[Input records]

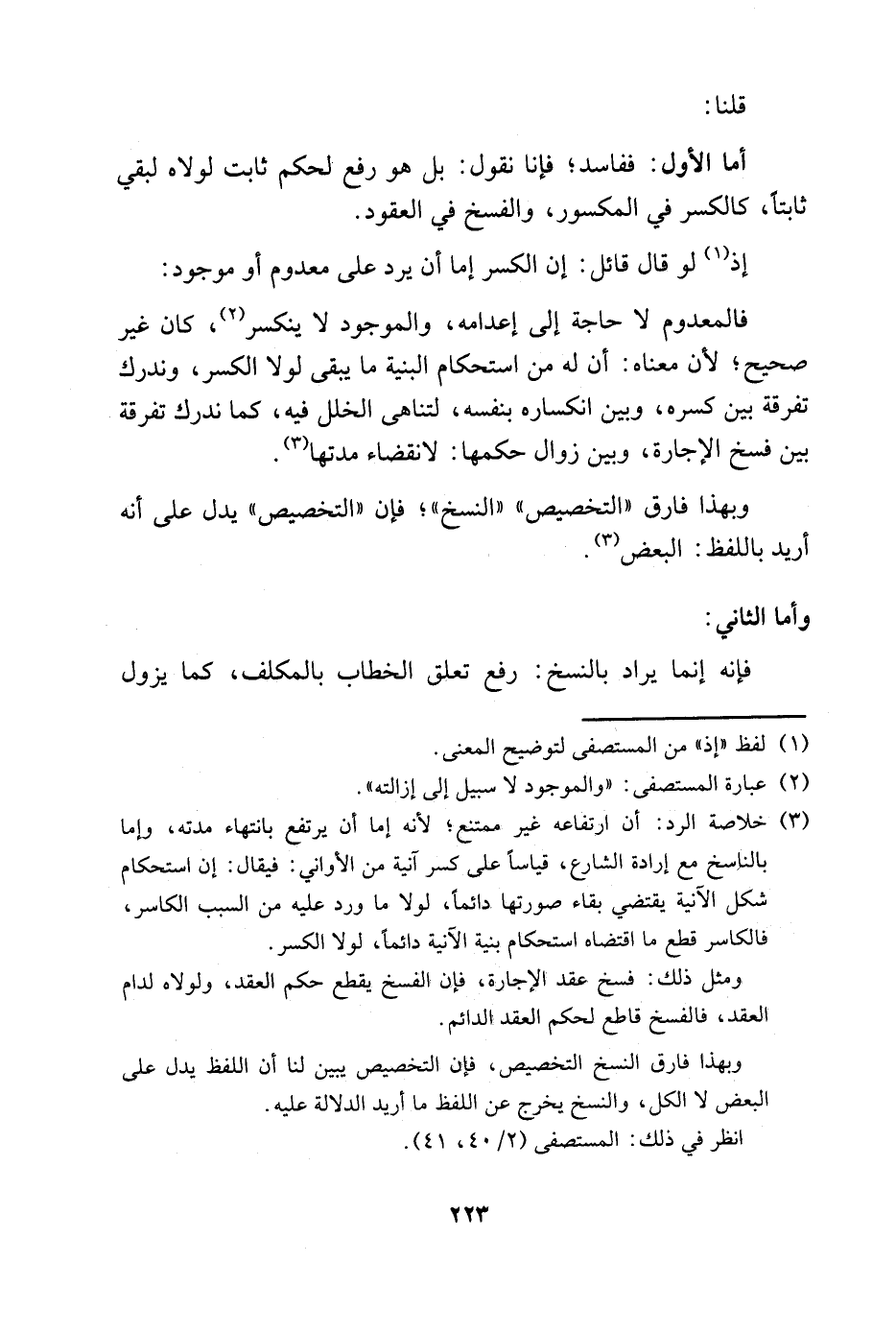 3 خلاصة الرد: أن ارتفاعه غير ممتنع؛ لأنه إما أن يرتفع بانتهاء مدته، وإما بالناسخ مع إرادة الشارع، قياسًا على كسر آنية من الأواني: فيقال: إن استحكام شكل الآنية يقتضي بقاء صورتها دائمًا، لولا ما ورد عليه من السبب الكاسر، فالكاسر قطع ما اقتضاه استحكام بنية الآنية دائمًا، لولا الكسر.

---

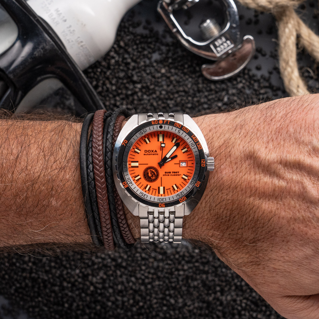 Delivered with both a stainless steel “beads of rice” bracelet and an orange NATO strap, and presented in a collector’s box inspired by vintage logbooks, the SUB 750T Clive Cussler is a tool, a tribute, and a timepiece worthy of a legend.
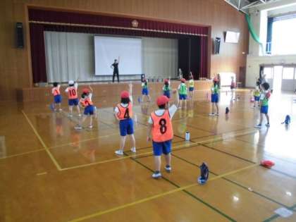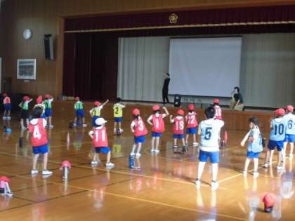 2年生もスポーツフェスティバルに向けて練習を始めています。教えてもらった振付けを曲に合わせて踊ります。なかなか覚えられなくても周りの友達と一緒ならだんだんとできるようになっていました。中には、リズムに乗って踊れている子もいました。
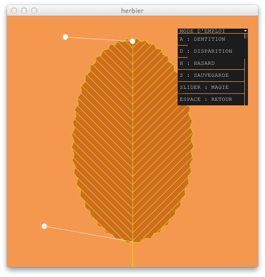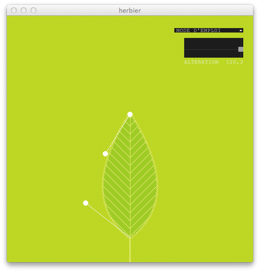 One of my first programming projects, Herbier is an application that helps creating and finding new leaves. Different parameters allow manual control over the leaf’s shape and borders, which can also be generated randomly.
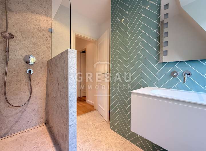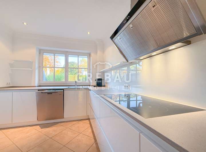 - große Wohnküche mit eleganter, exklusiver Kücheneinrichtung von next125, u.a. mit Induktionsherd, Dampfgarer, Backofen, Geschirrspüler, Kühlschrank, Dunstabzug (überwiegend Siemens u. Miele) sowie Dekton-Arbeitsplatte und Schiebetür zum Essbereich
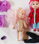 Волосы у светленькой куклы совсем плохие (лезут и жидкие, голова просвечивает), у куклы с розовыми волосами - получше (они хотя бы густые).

[Problem requirements] Print from the line containing "- große Wohnküche" through the line containing "Волосы у светленькой" in the data above, exactly as the lines stand, and omit every picture.

[Solution for this task]
 - große Wohnküche mit eleganter, exklusiver Kücheneinrichtung von next125, u.a. mit Induktionsherd, Dampfgarer, Backofen, Geschirrspüler, Kühlschrank, Dunstabzug (überwiegend Siemens u. Miele) sowie Dekton-Arbeitsplatte und Schiebetür zum Essbereich
 Волосы у светленькой куклы совсем плохие (лезут и жидкие, голова просвечивает), у куклы с розовыми волосами - получше (они хотя бы густые).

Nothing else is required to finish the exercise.